A precise copy of the data is required, with every picture left out.

Stored data
============

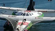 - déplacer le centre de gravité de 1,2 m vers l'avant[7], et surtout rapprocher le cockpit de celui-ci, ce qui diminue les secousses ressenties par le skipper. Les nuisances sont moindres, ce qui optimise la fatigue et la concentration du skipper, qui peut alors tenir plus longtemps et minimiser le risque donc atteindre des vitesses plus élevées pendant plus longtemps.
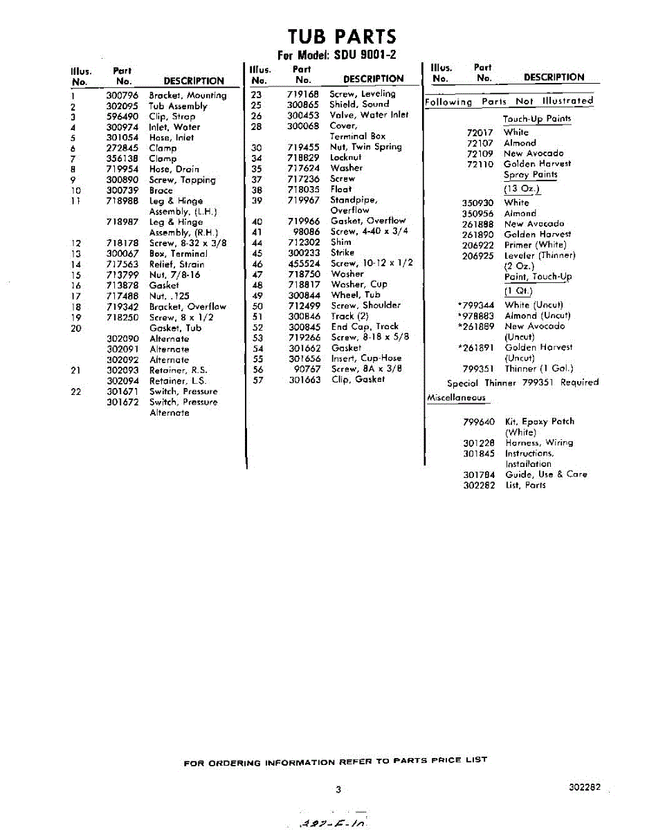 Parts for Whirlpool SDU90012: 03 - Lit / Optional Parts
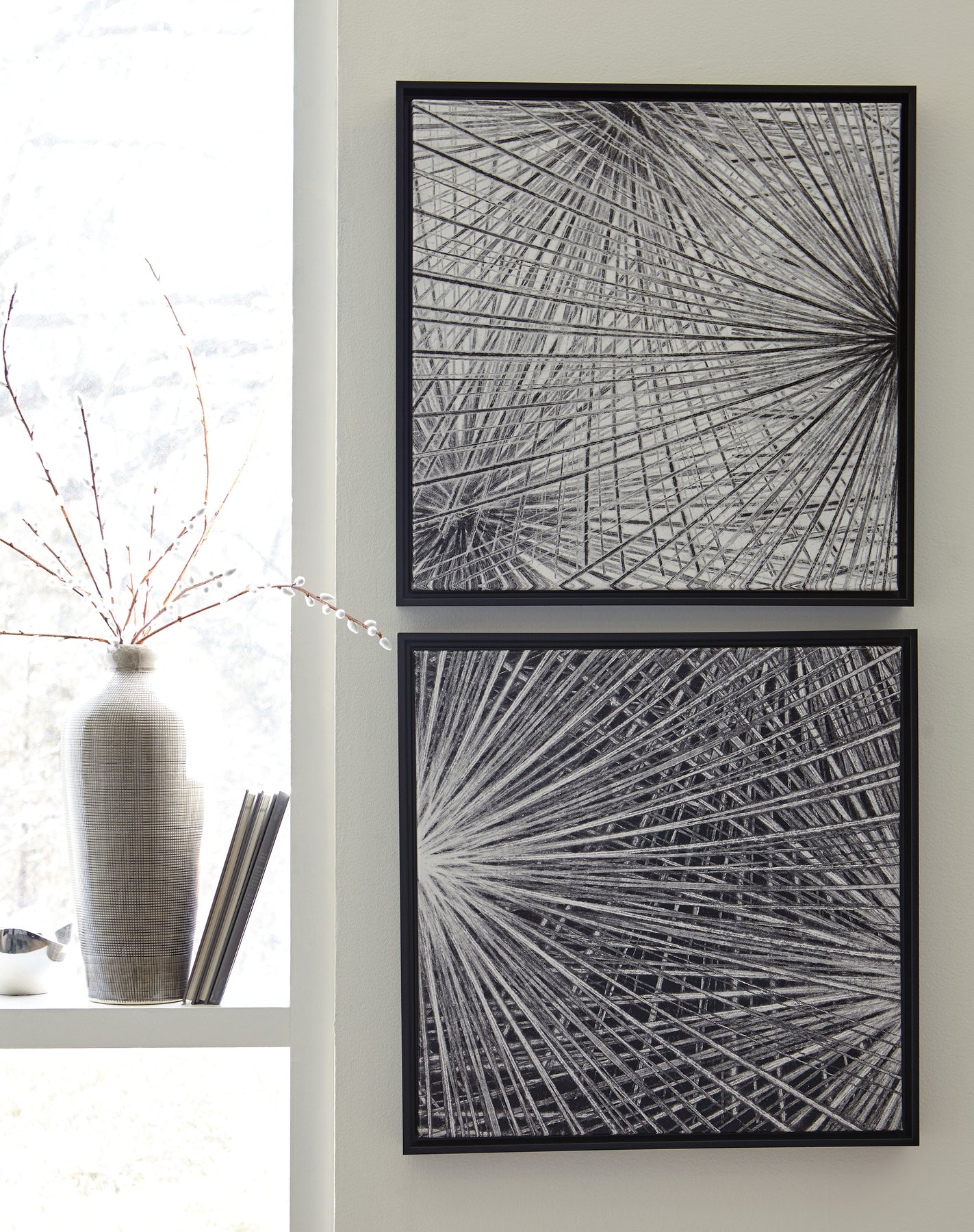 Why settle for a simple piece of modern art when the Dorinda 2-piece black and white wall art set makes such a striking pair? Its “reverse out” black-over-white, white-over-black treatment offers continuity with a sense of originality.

============

Solution to this task
 - déplacer le centre de gravité de 1,2 m vers l'avant[7], et surtout rapprocher le cockpit de celui-ci, ce qui diminue les secousses ressenties par le skipper. Les nuisances sont moindres, ce qui optimise la fatigue et la concentration du skipper, qui peut alors tenir plus longtemps et minimiser le risque donc atteindre des vitesses plus élevées pendant plus longtemps.
 Parts for Whirlpool SDU90012: 03 - Lit / Optional Parts
 Why settle for a simple piece of modern art when the Dorinda 2-piece black and white wall art set makes such a striking pair? Its “reverse out” black-over-white, white-over-black treatment offers continuity with a sense of originality.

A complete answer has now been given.